Signals and Systems
10.3 The Inverse Z-Transform
Formal Inverse Z-Transform
Derivation from Inverse Fourier Transform:
Recall from Section 10.1 that \(X(r e^{j\omega}) = \mathfrak{F}\{x[n]r^{-n}\}\).
Applying the inverse Fourier transform: \[ x[n]r^{-n} = \frac{1}{2\pi} \int_{2\pi} X(r e^{j\omega}) e^{j\omega n} d\omega \] Multiplying by \(r^n\): \[ x[n] = \frac{1}{2\pi} \int_{2\pi} X(r e^{j\omega}) (r e^{j\omega})^n d\omega \] Let \(z = r e^{j\omega}\). Then \(dz = j r e^{j\omega} d\omega = jz d\omega\), so \(d\omega = \frac{1}{jz} dz\).

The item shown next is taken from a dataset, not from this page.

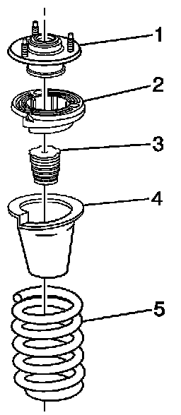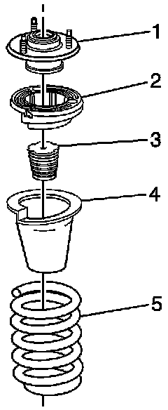 Assembly the front suspension strut mount (1), front spring upper seat (2), front suspension strut bumper (3), and the front spring (5).

The integration over \(2\pi\) for \(\omega\) corresponds to a counterclockwise closed circular contour integration for \(z\) around the origin.

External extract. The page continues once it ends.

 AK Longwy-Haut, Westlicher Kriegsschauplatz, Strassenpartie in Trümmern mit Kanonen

Formal Inverse Z-Transform
The Inverse Z-Transform Integral: \[ x[n]=\frac{1}{2 \pi j} \oint X(z) z^{n-1} d z \]
- The contour integral is taken around a counterclockwise closed circular path \(|z|=r\) within the ROC.
- This is the formal definition, often evaluated using the Cauchy’s Residue Theorem from complex analysis.
Formal Inverse Z-Transform
Practical Approaches for Inverse Z-Transform:
While the contour integral is the formal definition, it’s rarely used in practice for typical engineering problems. We primarily use two main methods:
- Partial-Fraction Expansion:
- Decompose \(X(z)\) into simpler terms.
- Use known Z-transform pairs and ROC properties to find the inverse of each term.
- Sum the inverse transforms.
- Power Series Expansion (Long Division):
- Expand \(X(z)\) into a power series of \(z\) or \(z^{-1}\).
- The coefficients of the series directly correspond to the values of \(x[n]\).
Important
The Region of Convergence (ROC) is absolutely critical for determining the unique \(x[n]\) from \(X(z)\)!
Method 1: Partial-Fraction Expansion
Procedure:
- Express \(X(z)\) as a rational function: \(X(z) = \frac{Numerator(z)}{Denominator(z)}\)
- Multiply by \(z\) (optional but often convenient): Consider \(X(z)/z\) for partial fraction expansion, then multiply back. This avoids constant terms for \(z^{-1}\) forms.
- Perform Partial-Fraction Expansion: Decompose \(X(z)\) (or \(X(z)/z\)) into a sum of simpler terms, typically of the form \(\frac{A}{1-az^{-1}}\) or \(\frac{A}{z-a}\).
- Determine Inverse Transform of Each Term:
- For each term, use known Z-transform pairs.
- Crucially, use the overall ROC of \(X(z)\) to determine the ROC for each individual term. This dictates whether the inverse is right-sided (\(a^n u[n]\)) or left-sided (\(-a^n u[-n-1]\)).
- Sum the Inverse Transforms: The original signal \(x[n]\) is the sum of the inverse transforms of the individual terms.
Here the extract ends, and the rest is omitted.